After my son was born, my wife expressed her concern about not feeling comfortable around my mother, which I understood and respected how she felt. I also see where my mother (and grandmother and sister) feel slighted by the whole situation. My wife only wants our five year old son to spend time with my mother when we are there with him, because she does not feel comfortable with him being around people that don't have converasation with her. This ususally equates to about 1-2 hours whenever we return home to visit. 

This situation has bothered me for a long time, and even more now because we are moving far away soon and my son does not even know that my mom is his grandmother. He spends days, weeks, and currently a month with my wife's mother (who happens to live in the same city as my mother...my wife and I are from the same town) and knows her side of the family well. He travels with her mother on vacations to florida and to visit my wife's sister in new york, but has spent maybe a total of 24 hours with my family since he has been born, because the wife only wants to visit for an hour or so and she rejects any request made by my family to have my son visit for a while or take him places.

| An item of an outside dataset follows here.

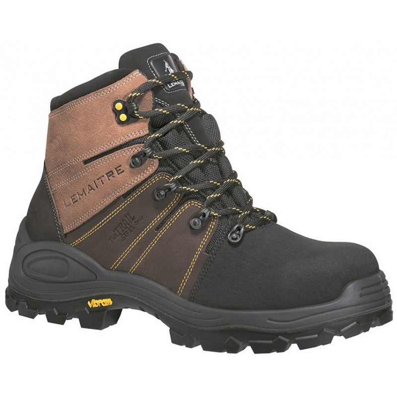 Buty ochronne Lemaitre TREK BRUN S3 to mocne trzewiki bezpieczne z kompozytowym podnoskiem i kevlarową wkładką antyprzebiciową, zapewniającymi niezbędne bezpieczeństwo w trakcie pracy. Cholewki wykonane z naturalnej skóry licowej typu „pull-up”, zabezpieczonej specjalnymi woskami, o zwiększonej wodoodporności pozwalają na skuteczne użytkowanie nawet w bardzo trudbych warunkach. Solidna antypoślizgowa podeszwa (SRC) o doskonałej przyczepności idealnej do pracy na zewnątrz.

I don't want to resent my wife or mother...I think my mother should make more of an effort to get to know my wife, but I can see where someone keeping you from your grandson because they don't like how you act can be a problem and won't make you want to make that effort. When I ask her about it, she says there is no problem..but obviously there is. I also don't think my wife should make that decision and put our son in the middle. He has the right to spend time with both families to build those relationships, regardless of how the adults feel about each other. This is a constant argument. Please help!!!


----------



## DanF (Sep 27, 2010)

You r mother needs to give. You are not her little boy anymore. You have a family that takes priority over your parents (as it should). Your mother needs to sit down and have a talk with your wife, accept her into the family and love her.
If not, tell her that she will rarely see her grandson.
I wouldn't leave my child with a relative that did not respect me or welcome me to the family. I think that you wife is correct in this situation.


----------



## surfergirl (Jan 27, 2011)

If it's important to you that your child get to know/spend time with your mother/family and your wife isn't willing to be a part of that, then it is up to you to see that it happens.

On your next visit home, take your son there yourself....both of you spend time with your family - if your wife doesn't want to go on the visit....cool....she can use that free time to catch up with her own family or friends. 

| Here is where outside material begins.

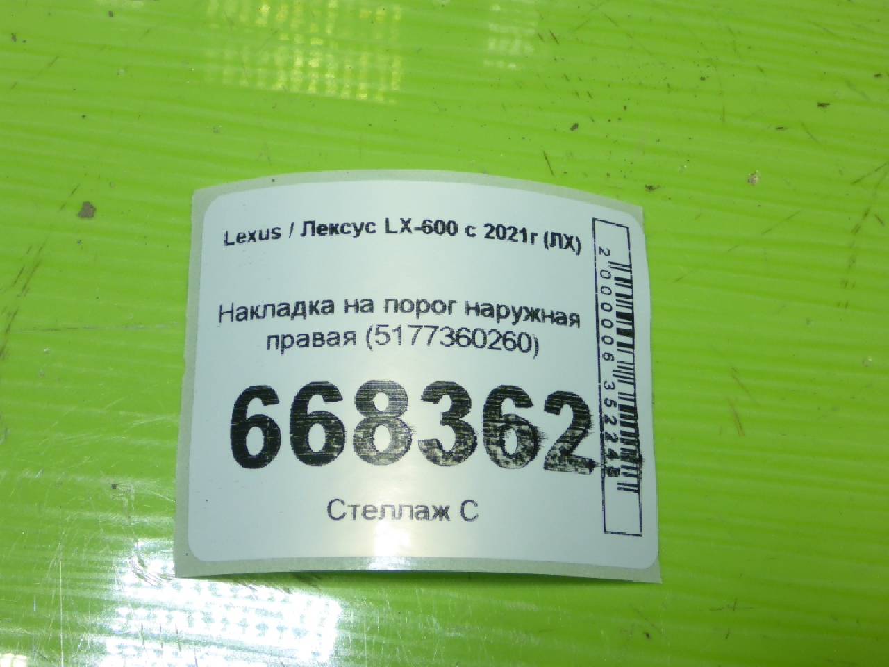 Деталь: Lexus LX 4 - Накладка на порог наружная правая (5177360260)

If your wife doesn't agree with you doing that....then it kind of sounds like she has a bit of an hidden agenda happening (making your mother pay for not liking her perhaps). It's in your son's best interest to have a relationship with his grandparents and someone needs to stand up for him. 

Where do you and your wife and child stay when you visit your home town?


----------



## Mom6547 (Jul 13, 2010)

Stand by your wife. Speak to your mother and tell her plainly, unless you accept my wife, the mother of my child, visit us and act like a family member, then you will not be visiting your grandson alone. Period. Your support is with your wife.


----------



## Hicks (Jan 14, 2011)

I would not allow my child to stay with my mother, if my mother refused to speak with my wife. Why? Your mother will work hard to undermine your wife to your child, and this is harmful to your child. Your wife's mothering instincts are spot on here.

Your mother is in 100% control of this. By making her decision to shun your wife, she knows full well that this affects her relationship with her grandchild. Your should bear no mental burden for your mother's actions and you should support your wife and child totally. Don't allow your mother to assert herself over you.


----------